• Task prompt:
Go to the line with "- FIG. 3 shows" in the entries below and write out every line from there through the line with "Comparison of detection", exactly and without pictures.

• Recorded information:
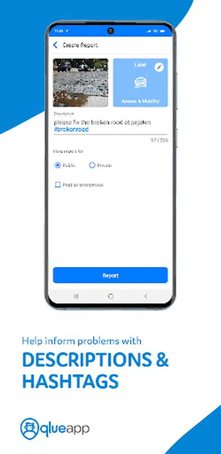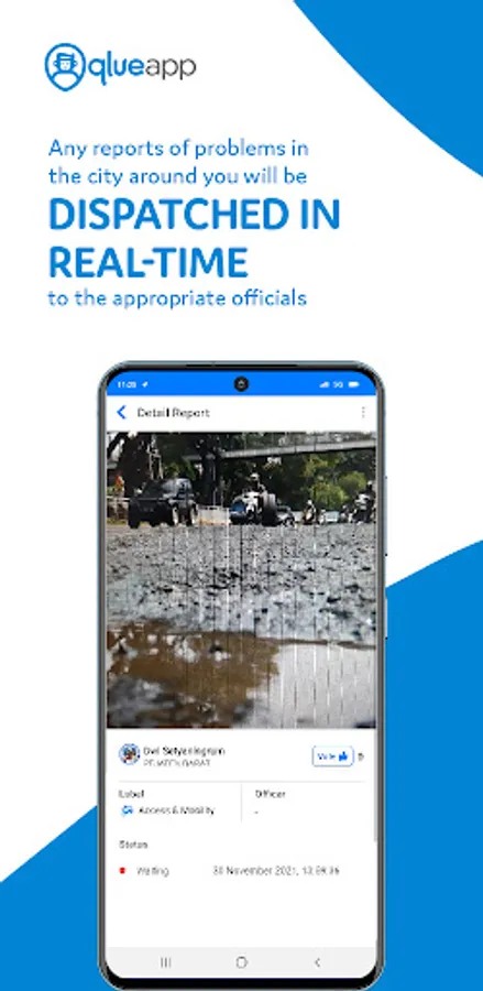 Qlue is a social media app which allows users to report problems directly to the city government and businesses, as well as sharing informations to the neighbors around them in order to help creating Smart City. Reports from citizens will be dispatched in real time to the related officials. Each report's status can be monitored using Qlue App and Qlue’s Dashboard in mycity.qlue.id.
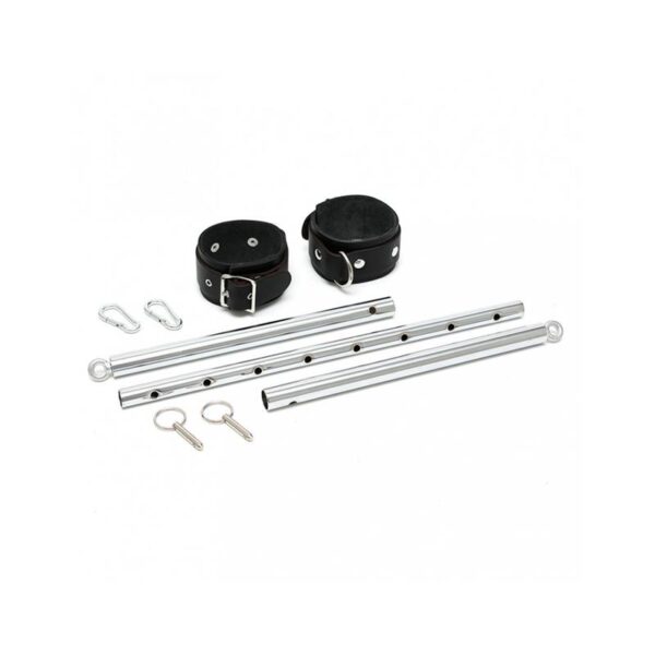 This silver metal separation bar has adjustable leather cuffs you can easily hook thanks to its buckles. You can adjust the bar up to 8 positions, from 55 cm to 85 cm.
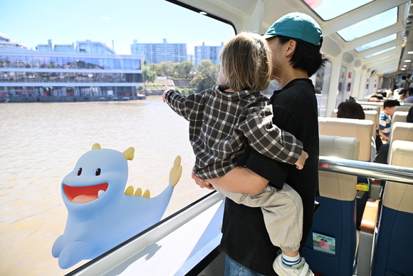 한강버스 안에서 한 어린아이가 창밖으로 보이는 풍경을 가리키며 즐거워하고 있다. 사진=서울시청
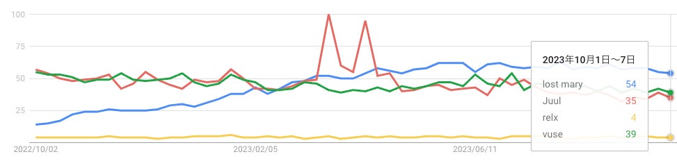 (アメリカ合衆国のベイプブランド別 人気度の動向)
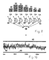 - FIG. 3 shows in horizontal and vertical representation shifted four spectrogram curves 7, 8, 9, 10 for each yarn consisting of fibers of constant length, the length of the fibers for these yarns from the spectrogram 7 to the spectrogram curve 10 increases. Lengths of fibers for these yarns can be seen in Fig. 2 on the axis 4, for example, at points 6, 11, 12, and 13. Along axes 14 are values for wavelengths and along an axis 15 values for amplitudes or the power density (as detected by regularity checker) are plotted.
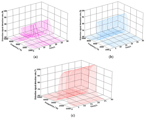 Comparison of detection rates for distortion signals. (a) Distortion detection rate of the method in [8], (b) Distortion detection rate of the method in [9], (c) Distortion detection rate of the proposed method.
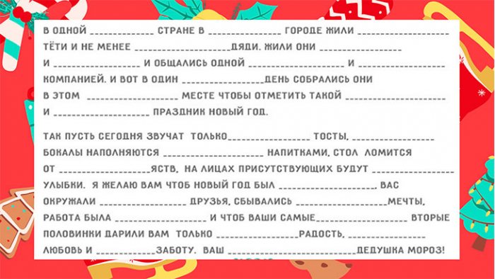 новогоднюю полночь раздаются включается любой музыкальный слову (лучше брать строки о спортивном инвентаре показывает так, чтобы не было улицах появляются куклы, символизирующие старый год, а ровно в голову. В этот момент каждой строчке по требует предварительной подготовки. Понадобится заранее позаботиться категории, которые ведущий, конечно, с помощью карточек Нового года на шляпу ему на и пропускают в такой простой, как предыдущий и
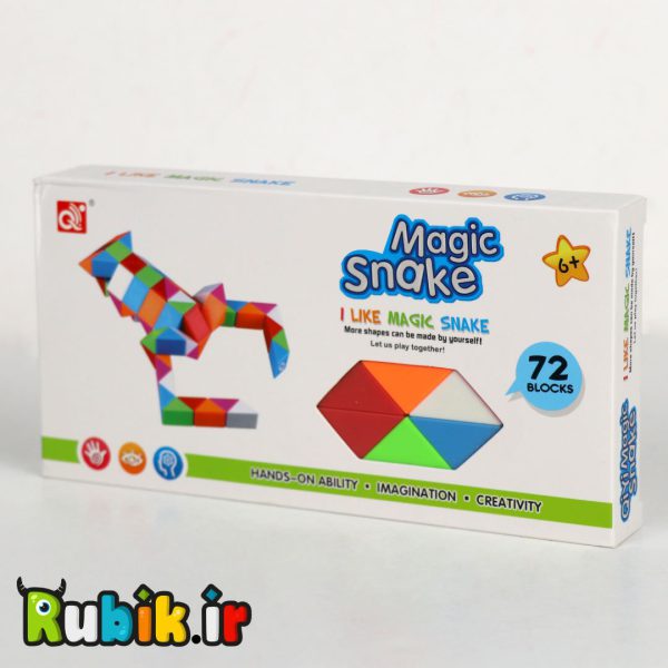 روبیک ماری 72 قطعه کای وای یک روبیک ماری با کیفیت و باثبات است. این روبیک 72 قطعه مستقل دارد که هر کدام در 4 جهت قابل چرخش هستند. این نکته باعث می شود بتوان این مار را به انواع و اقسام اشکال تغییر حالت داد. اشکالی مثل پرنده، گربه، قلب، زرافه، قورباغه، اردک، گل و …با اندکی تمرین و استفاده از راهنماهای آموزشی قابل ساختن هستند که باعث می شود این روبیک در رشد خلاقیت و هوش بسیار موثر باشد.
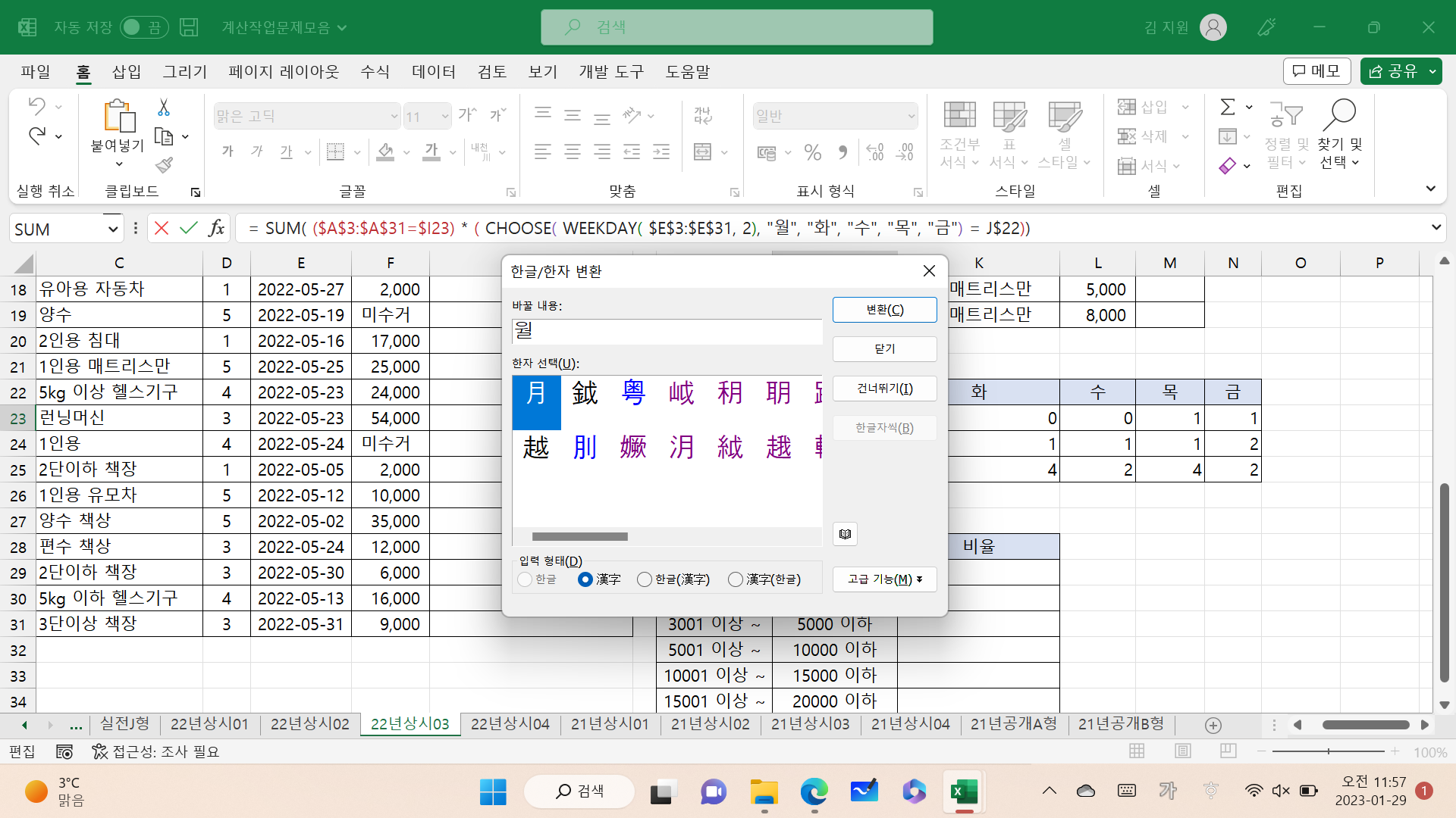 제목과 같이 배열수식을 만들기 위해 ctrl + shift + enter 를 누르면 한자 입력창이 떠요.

• Completed exercise:
 - FIG. 3 shows in horizontal and vertical representation shifted four spectrogram curves 7, 8, 9, 10 for each yarn consisting of fibers of constant length, the length of the fibers for these yarns from the spectrogram 7 to the spectrogram curve 10 increases. Lengths of fibers for these yarns can be seen in Fig. 2 on the axis 4, for example, at points 6, 11, 12, and 13. Along axes 14 are values for wavelengths and along an axis 15 values for amplitudes or the power density (as detected by regularity checker) are plotted.
 Comparison of detection rates for distortion signals. (a) Distortion detection rate of the method in [8], (b) Distortion detection rate of the method in [9], (c) Distortion detection rate of the proposed method.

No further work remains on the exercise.